The government said it would not fully endorse the WHO guidelines at this stage because regional pollution was beyond its control, although the most stringent standards in the guidelines will be adopted for four of the seven air pollutants.

It said the measures, if adopted, would save HK$1.2 billion a year in health and energy costs at a cost of HK$600 million a year – although it admitted the cost estimate did not reflect all the costs to the community.

The government is proposing 19 measures to help attain the new targets. Officials said some of these would inevitably require consumers to pay more. Power tariffs would rise by at least 20 per cent and bus fares by 15 per cent. But the measures would save 7,400 life-years – equivalent to an extra month of life for each Hongkonger – in a city where life expectancy is already among the longest, and avoid 4,200 hospital admissions.

An average Hong Kong man has a life expectancy of 79.5 years, and a woman 88.5 years, the second-longest in the world behind Japan.

A recent report by independent think tank Civic Exchange found nearly 1,600 deaths, 64,000 hospital bed-days and HK$2 billion in direct economic losses each year were attributable to air pollution in Hong Kong. Mike Kilburn, environmental programme manager for Civic Exchange, said the 19 measures were too conservative and limited in scope, and called for a broader debate.

Cargo van operator Ben Leung Wai-bun said he would have to close his business if his entire fleet was banned in the busiest districts. “More than half of the industry will be dead by the time we can see clear sky,” he said.

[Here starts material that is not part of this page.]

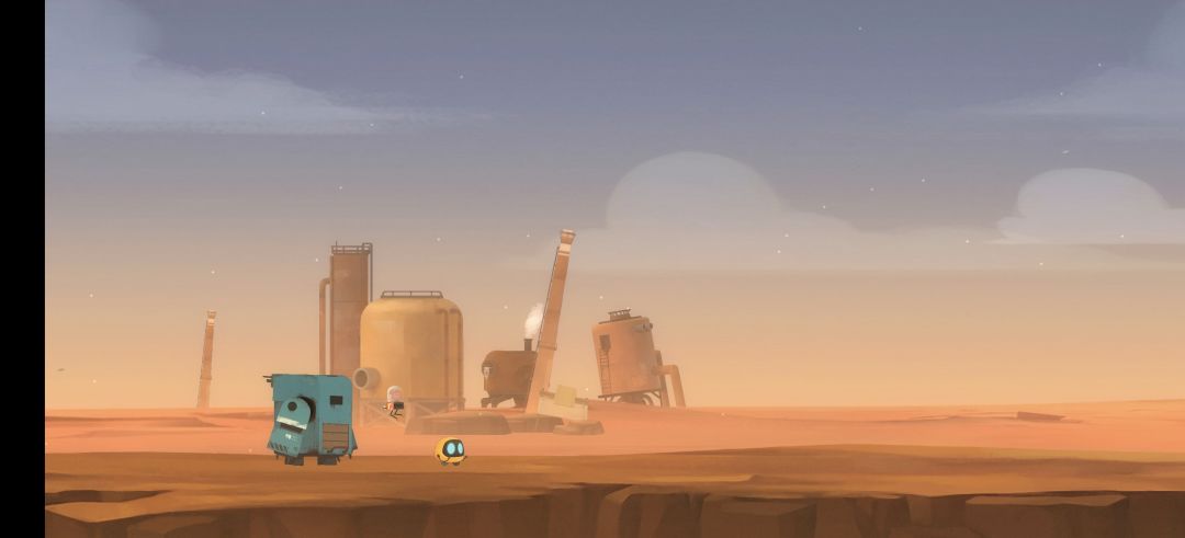 小机器人艾比掉进了深坑,大机器人迪迪通过磁铁将艾比吸了上来,这块我是真没想到哈哈,不过迪迪的小白鸟不见了,于是两人踏上寻找小白鸟的旅程,一路上碰见许多被遗弃在家的各类机器人,收集者,乔,森还有一些记不得名字的,问起他们主人的去向,都提及了一个地方,那就是«大都市»,是一个无比美好无比自由在那里可以实现永恒的完美居所,不过真的是这样吗,我带着疑问继续玩,因为沿途所见都是荒漠没有绿植,明显是一片末日废土风。中途我们遇到了杰米(一个脑子?),他是大都市的总设计师,他说那里可以修复他的身体可以变成真正的人类,一开始我真的觉得他是一个自私自利的人,他每次遇到危险都仗着会飞逃跑!那么很显然他不是,在我们终于到了大都市之后,所有遇到的人都告诉我们不要碰电路(?欲盖弥彰)而且给我一种被设定的感觉就很很ai的感觉,不出所料艾比和迪迪果然合力破坏了电路,才得见真实,原来这个大都市不过是个虚拟都市,人们确实没有死亡,所有的东西都可以永恒,这与杰米的设计完全不同,所以杰米跑了,艾比和迪迪担心杰米于是急忙追出去,在途中下起了大雪(这块不太明白,可能是烘托氛围吧),迪迪和艾比会觉得冷,在终于找到杰米之后,路过了加油站,三个人生了一个小火堆在一起取暖,哇真的很温馨啊,三人又踏上了旅程,迪迪把艾比和杰米装进自己的身体里,(真的太喜欢迪迪了,缄默却默默付出,极其善良重视身边每一个人),在下坡的路上迪迪跌跌撞撞,最后把自己磕碰到严重损坏了(这时候我以为迪迪要没了😭😭😭)不过还好不是,杰米幡然悔悟,自己欺骗了艾比和迪迪,但他们却对自己真心真意,所以加入了这个团队,决定和艾比一起找零件维修迪迪,在找到之后,杰米进入了中枢,这里结局开始分支了,一个是杰米恢复身体,不过可能活不了太久了,艾比和迪迪继续踏上寻找小白鸟的路程,二是杰米继续以这副机械构造生活,和艾比迪迪一起踏上旅程。两个我都喜欢,不同的选择罢了。后面开始闪回,所有的机器人都和主人见面了,也算是得偿所愿。有个彩蛋,变成人类的杰米遇到一个黑发男人,我想应该是不愿意自我欺骗的人吧。

A senior environment official said the problems of air pollution from vehicles, power generation and over the border had to be tackled simultaneously. “All we need now is recognition and endorsement from the public that the whole package is reasonable, feasible and something that has to be done,” he said.

The official said it was premature to say how much the package would cost the public, since more negotiation was needed with major stakeholders such as bus companies and power utilities. Such talks were already happening, he said.

A timetable for delivering cleaner air could not be given because of the uncertainties surrounding the implementation of the measures, this official said. For instance, whether or not more natural gas could be used would hinge upon the supply of gas from the mainland after 2013 and planning for new power generators.